This is an interesting claim, because since patents are published, something can not be both patented and a trade secret.
Copyright
Trademark
Trade secret
Patents
Methods
Designs
"Intellectual Property" without further elaboration
Companies would like to try "all of the above". They want all of the protections, while giving nothing in return. What's even worse, is that I think many politicans and such actually believe that they're doing the right thing to "promote the science and arts" by doing so.
Unfortunately, in the capitalistic society money is equated with results - i.e. the more IP protections, the more revenue generated from IP, and thus the more invested in IP, and the higher the investments, the further the science and arts are promoted.
The flaw in the argument is that progress is equated with profit. In that context, the Linux kernel would be "worthless", the only value would be what value IBM, Red Hat, Tivo et al manage to add, not in the kernel itself, since that isn't what generates profit. And yet it's beyond a doubt a great scientific achievement.
In the same way, that music that simply makes your heart tremble with pure joy, is "worthless" unless it generates profit. Or that beautiful painting or statue or carving or any other object made for the art's sake, not for the money's sake.
Yes, money is a means to promote science and arts, scientists and artists need to put food on the table as well. But it is hardly the source of scientific interest or artistic inspiration. Money is simply one part of many - like education, culture, status, access to related works of past and present - in order to realize those desires.
Kjella
Live today, because you never know what tomorrow brings
They all should stop filing suits againsta each other. Instead they should file the suit against USPTO, blaming it for the unfixable stupidity, for using the broken law system. USPTO bad business practices is a danger to strategic interests of USA in general.
Less is more !
DISTINGUISHING PATENT AND COPYRIGHT SUBJECT MATTER
Not sure I agree on the hardware equivalent of software test for patents, things are not that cut and dry most times.
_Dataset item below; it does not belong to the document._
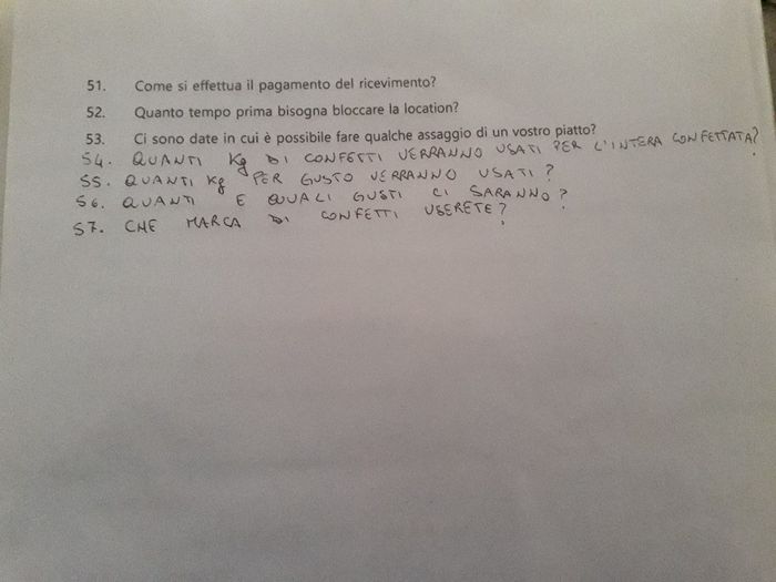 Voglio aprire questo topic per aiutare sulla scelta della location,le domande da fare sono molteplici: 1) quanto costa a persona? 2) il prezzo è incluso d'iva?3)la cucina è interna ?4) c'è un numero minimo di garantire di invitati ?5) c'è l'opzione...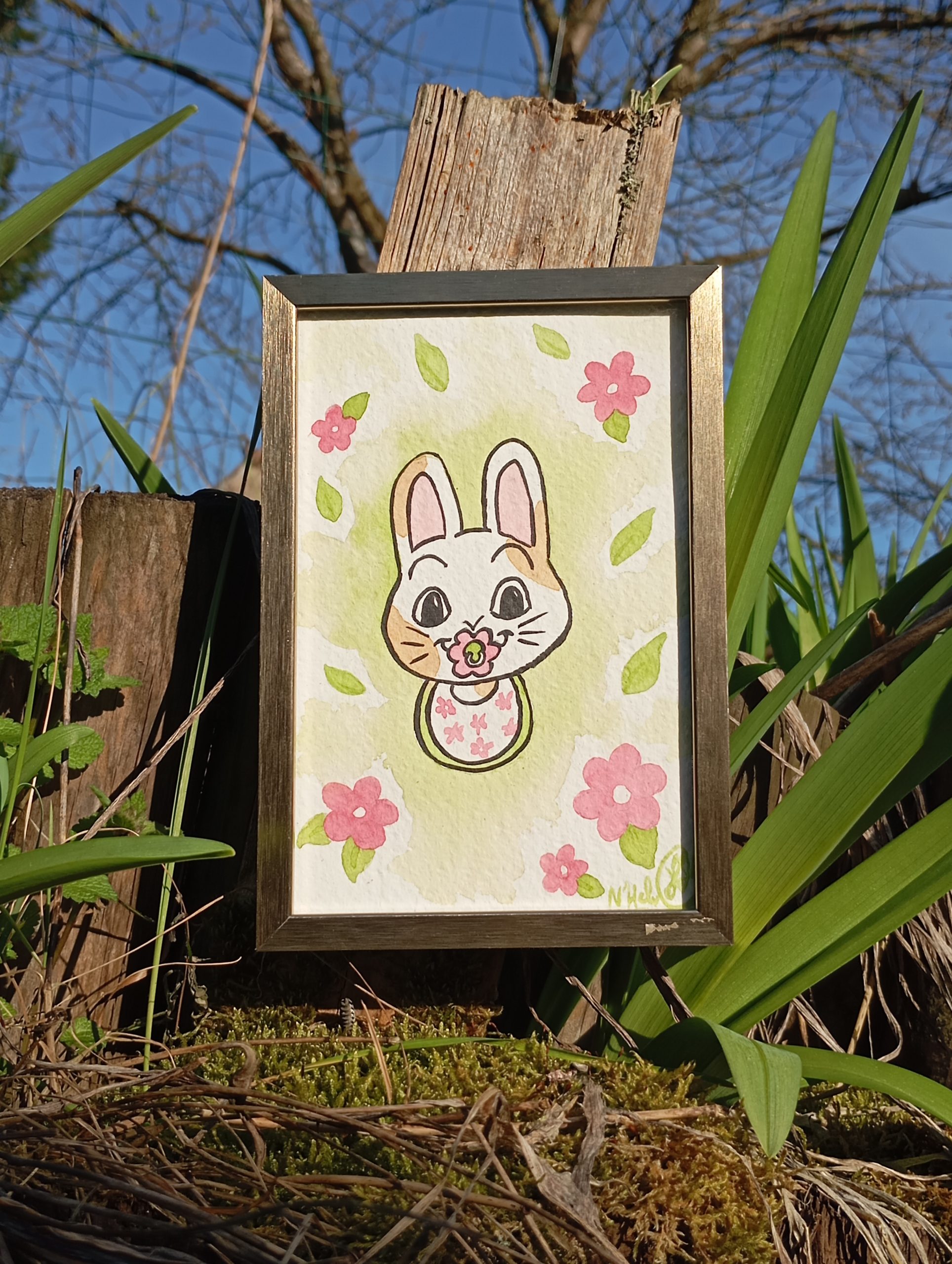 Ce petit lapereau tout chou et de belles fleurs, ravira tout le monde 🙂

A patent provides the exclusive right to make, use, and sell the invention listed in the claims section of the patent. Generally, claims are drafted so that theyy encompass functions - HOW the software works. The goal of claim drafting is to describe the invention broadly enogh to get the most possible coverage, but not so broadly as to describe prior art.
It is possible for the same claim to cover several (or many) different implementations. Take for example an automotive rearview mirror. If my claim says the following:
I claim a mirror for use in an automobile, the mirror being generally rectangular in shape and mounted in a central position at the top of an automobile windshield.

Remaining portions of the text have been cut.